Die Möglichkeiten zerrissen meinen Kopf wie ein Sturm. Verließ mich Katrin? War sie krank? Mein Brustkorb zog sich mit jeder gefahrenen Meile zusammen.
Lena hielt an einem eleganten, modernen Bürogebäude.
Ich runzelte die Stirn. Ihr Büro?, fragte ich skeptisch. Warum sind wir hier?
Schau einfach nach, sagte Lena, ihr Ton triumphierend, während sie mich hineinführte.
Wir gingen einen Flur entlang, bis wir einen Konferenzraum erreichten. Durch Glaswände sah ich sie.
Katrin stand am Kopfende des Tisches, gestikulierte selbstbewusst, während ein Kreis von professionell gekleideten Personen jedes Wort von ihr aufsaugte.
Ihre Stimme, klar und autoritär, drang durch die Tür. Meine einst zurückhaltende Frau war nun das unbestrittene Zentrum des Geschehens.
Ich wandte mich zu Lena, versuchte zu begreifen, was ich sah. Ist das der Grund?, fragte ich, meine Stimme zitterte.
Sie nickte. Sie hat ihren Rhythmus gefunden. Sie ist nicht mehr nur Katrin, deine Frau, deine Mutter oder die Dame vom Bäckerladen. Sie betritt ein größeres Spielfeld.
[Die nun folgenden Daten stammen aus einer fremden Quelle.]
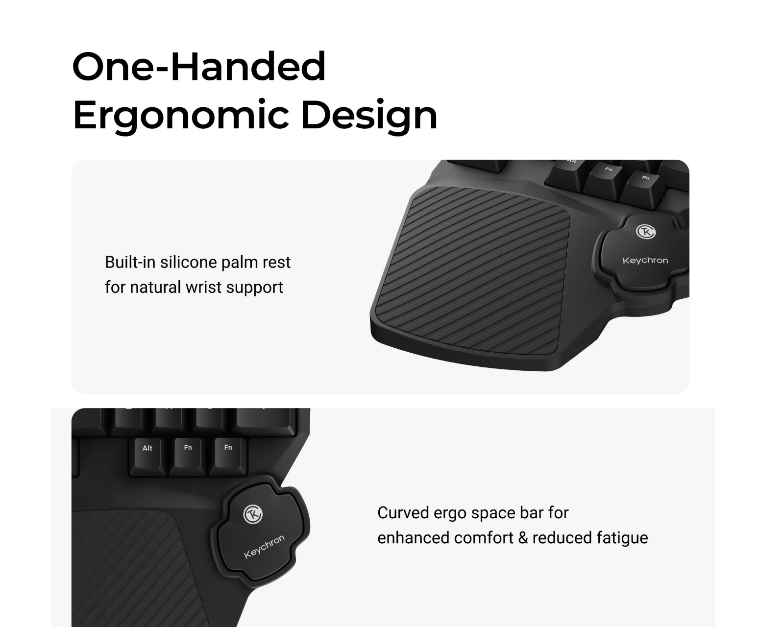 C0 HE 8K er et enkeltstående tastatur fra Keychron, der kombinerer høj ydeevne med et ergonomisk design. Det har 35 taster og er udstyret med Keychron Ultra-Fast Lime Magnetic Switches, hvilket giver hurtige og præcise tastetryk. Med en polling rate på hele 8000 Hz sikres minimalt inputlag til konkurrenceprægede spil.Byggekvaliteten er høj, med et chassis af plastik og aluminiumsplader, hvilket bidrager til holdbarheden. Tastaturet leveres med et integreret silikone håndstøtte for øget komfort under lange spilsessioner. Den webbaserede software Keychron Launcher gør det muligt for brugere at tilpasse taster og oprette makroer nemt online, uden at skulle installere software. Det understøtter også forskellige operativsystemer inklusive Windows, macOS og Linux.

Die Tür öffnete sich, und Katrin bemerkte uns.
Ihr selbstsicheres Auftreten brach für einen Moment, als sie näher kam, die Hände leicht verkrampft.
Was wollt ihr hier?, fragte sie, ihr Tonfall ein Mix aus Überraschung und Vorsicht.
Ich will verstehen, was mit dir passiert, antwortete ich, die Spannung fast greifbar.
Sie seufzte und deutete auf den Konferenzraum. Können wir reden?
Wir zogen uns in eine ruhige Ecke des Gebäudes zurück.
Katrin verschränkte die Arme, ihr Blick zugleich defensiv und verletzlich. Ich wollte nicht, dass das ein Geheimnis bleibt, begann sie sanft. Es ist einfach passiert.
Was ist passiert?, drängte ich, meine Gefühle wirbelten.
Sie sah weg, sammelte ihre Gedanken. Es gibt eine Frau, mit der ich arbeite. Sylvia. Sie ist 53, und als ich sie kennenlernte, merkte ich dass ich mich selbst gefangen hielt.
Ich blinzelte, verwirrt von ihrer Ehrlichkeit. Gefangen wie?
Ich dachte, es sei zu spät, mich weiterzuentwickeln, mehr zu sein als die Frau, die ich immer war. Ihre Augen trafen meine, fest und klar. Sylvia zeigte mir, dass ich noch lebendig sein kann, dass ich nicht im Hintergrund verschwinden muss, weil ich älter bin.
Also geht es nicht um, ließ ich den Satz unvollendet, peinlich, das Wort nicht zu Ende zu bringen.
Eine Affäre? Nein. Ihr Lachen war sanft, doch ein Hauch von Traurigkeit lag darin. Es geht um mich, nicht darum, dich zu verlassen.
Ihre Worte trafen mich wie ein Balsam und zugleich wie ein Schlag. Ich hatte mich so sehr in meinen eigenen Unsicherheiten verfangen, dass ich vergessen hatte, wer Katrin wirklich war: eine Frau, die mich auch nach dreißig Jahren noch überraschen kann.
Ich dachte, du entfernst dich, gestand ich, meine Stimme rau.
Ihre Hand fand meine, warm und vertraut. Ich gehe nirgends hin, sagte sie. Aber ich brauche, dass du verstehst, dass das für mich ist. Und ich brauche deine Unterstützung.
Ich nickte, das Knotengefühl in meiner Brust ließ nach. Ich bin dabei.
Der Weg nach Hause fühlte sich leichter an. Katrins Verwandlung war nicht nur ein äußeres Ändern, sondern ein Statement.
Und während wir die Straße entlanggingen, wurde mir klar: Ihr Wachstum bedrohte unsere Liebe nicht es vertiefte sie nur.
Hand in Hand traten wir ein, die Zukunft schien so hell und überraschend wie Katrin selbst.